Son escasos los conciertos que uno quiere que se hagan eternos. Son esos mismos los que uno desearía que pudieran ser revisitados con la posibilidad de rebobinarlos una y otra vez, para disfrutarlos reiteradamente.
Resulta una grata sensación que, en ese tipo de recitales, los ojos intenten moverse como los de un camaleón para no perderse ni un solo detalle en tarima; para ver simultáneamente a la sección de vientos, la percusión incesante, a cada uno de los dedos que se desliza por el piano o a los arcos que acarician cada cuerda.
Da todavía más gusto que en un espectáculo musical de este calibre, los oídos se despierten y se abran como antenas parabólicas con la intención de percibir y recibir de cerca cada nota y silencio que se produzca en el entorno para disfrutar sin interrupciones.
Son contadas las citas musicales en las que el parámetro con el que se mide el disfrute es incapaz de encontrar puntos bajos, sino que la barra se mueve únicamente de los puntos altos a los altísimos.
Cuando un concierto logra despertar cada fibra en el oyente es gracias a la confabulación entre la música, los músicos y la musicalidad.
Éditus, el Sexteto de Jazz Latino y la Orquesta Sinfónica Nacional demostraron que no es imposible lograr un recital con todos estos descriptivos.
¡Qué concierto!
En un repertorio compuesto en su mayoría por obras de Edín Solís y Walter Flores, el ensamble repasó ritmos tan distintos que resulta injusto reducir la descripción de la noche a latin jazz .
Más bien uno de los mayores lujos de la reunión fue la versatilidad desplegada en cerca de dos horas de música, permitiendo al oído viajar por diversos paisajes que contaban con la hermosura como denominador común.
En las manos de estos músicos hubo una perfecta simbiosis entre lo bailable y lo sinfónico, lo trepidante y lo emotivo, lo delicado y lo potente.
La amalgama entre la Orquesta y los ocho músicos protagonistas fue indisoluble, con una interpretación que le hizo los honores a cada composición.
La Sinfónica, con la dirección de Marvin Araya, se encargó de magnificar cada pasaje y aportar detalles que sumaron en emoción.
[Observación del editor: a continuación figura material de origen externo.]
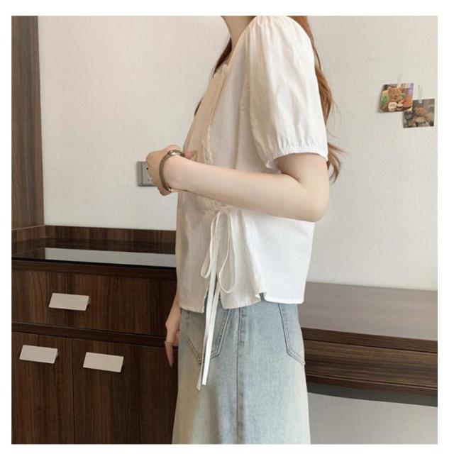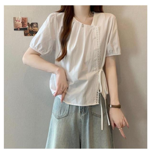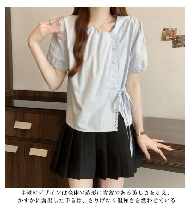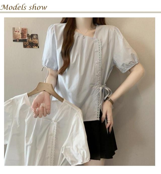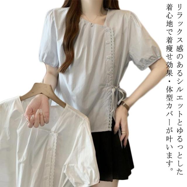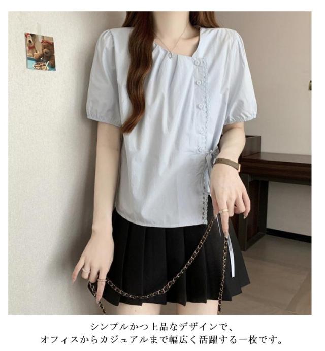 ブラウス レディース 春 夏 半袖 Vネック チャイナ風 無地 エレガント かわいい 半袖ブラウス トップス シャツ 中華 中国風 Tシャツ 薄手 ゆったり 無地 シンプル 大きいサイズ カジュアル 旅行 サマーウエア ルームウエア
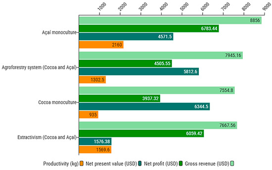 Furthermore, balancing economic sustainability is crucial, especially in regional development con-texts. In this sense, Figure 5 presents the values of gross revenue, net profit, net pre-sent value and productivity for the production systems. The highest gross revenue obtained, within the developed systems, was for the açaí monoculture USD 8856/ha and the lowest for the cocoa monoculture USD 7554.8/ha. For net profit, the values were USD 6783.44/ha for the açaí monoculture, USD 6059.42/ha for extractivism, USD 4505.55/ha in agroforestry and USD 3937.32/ha for cocoa monoculture. In the results, the NPV of all the production systems analyzed were positive. Regarding productivity, cocoa, and açaí monocultures had productivity of around 935 kg/ha of cocoa beans and 2160 kg/ha of frozen açaí pulp. For the agroforestry system, it was around 654.5 kg/ha of cocoa beans and 648 kg/ha of açaí pulp, while in the ex-tractive systems, it was 309.6 kg/ha of cocoa beans and 1260 kg/ha of açaí pulp. These differences are mainly due to the higher density of productive trees per hectare in monoculture systems, compared to agroforestry and extractive systems. Productivity values refer to processed forms—cocoa beans (after fermentation and drying) and frozen açaí pulp (after pulping). This distinction ensures consistency between productivity and emissions. Differences may also reflect product density and harvesting systems (tree vs. palm), which influence yield and efficiency.
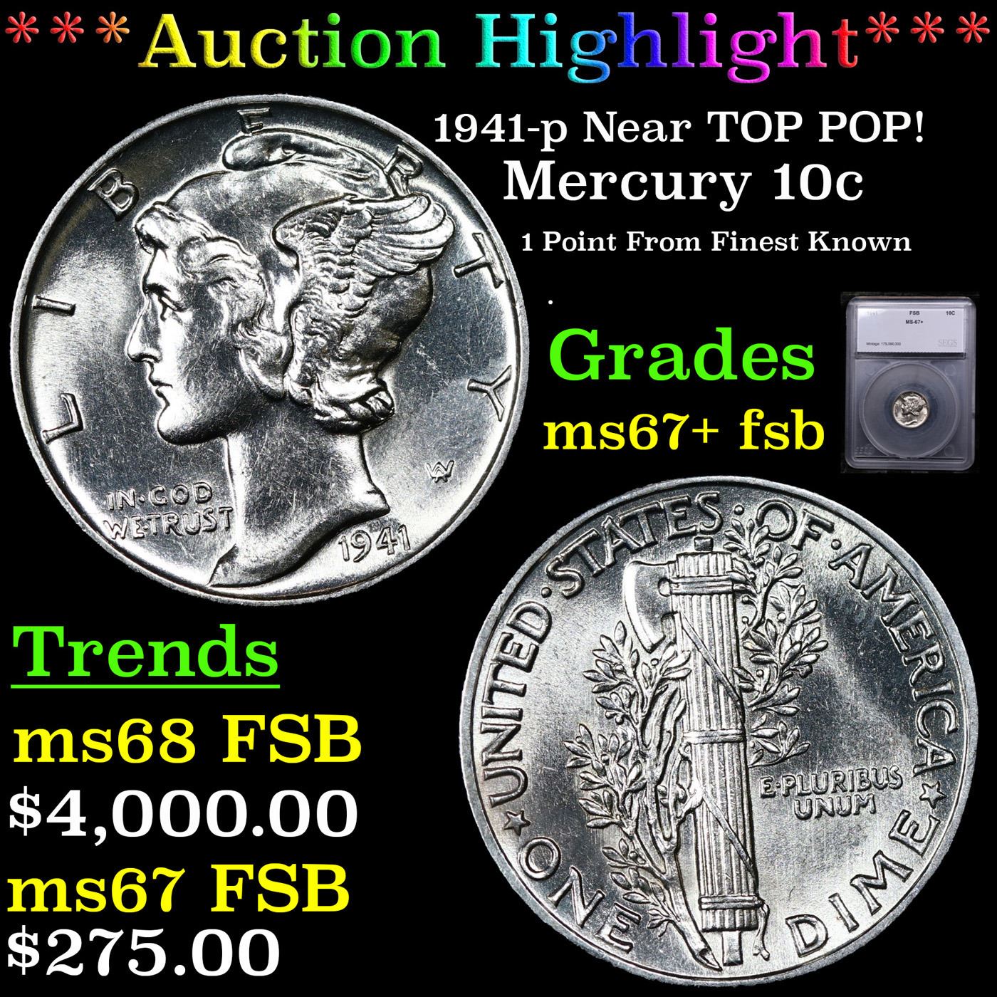 ***Auction Highlight*** 1941-p Mercury Dime Near TOP POP! 10c Graded ms67+ fsb BY SEGS (fc)

El resto de instrumentistas, por su parte, integran algo así como un All Star Band. Verlos juntos de nuevo es todo un privilegio.
No se puede dejar de lado que los miembros del sexteto son maestros músicos que se conocen desde la adolescencia . La conexión que se logra entre ellos es evidente. Cada quien aporta semillas de diferente especie pero, al final, germinan todas en conjunto.
Con tales juntas, el repertorio se caracterizó por melodías que, por su intensión e intensidad, podían prestarse tanto para inaugurar como para clausurar la noche.
Paisaje abierto (de Edín Solís), Malecón (de Walter Flores), Una vez más (de Alon Yavnai) o Son de aquí (de Lalo Rojas) fueron solo algunos de los momentos más inspiradores de la cita.
El secreto del gozo también se debe a una selección de piezas cautivadoras de principio a fin. Se interpretaron temas que integran sonidos costarricenses con otros de múltiples fronteras cuyo arribo en el pentagrama resulta especial y sorpresivo.
Es una lástima que este tipo de encuentros sean esporádicos. De verdad, ojalá los conciertos así fueran eternos.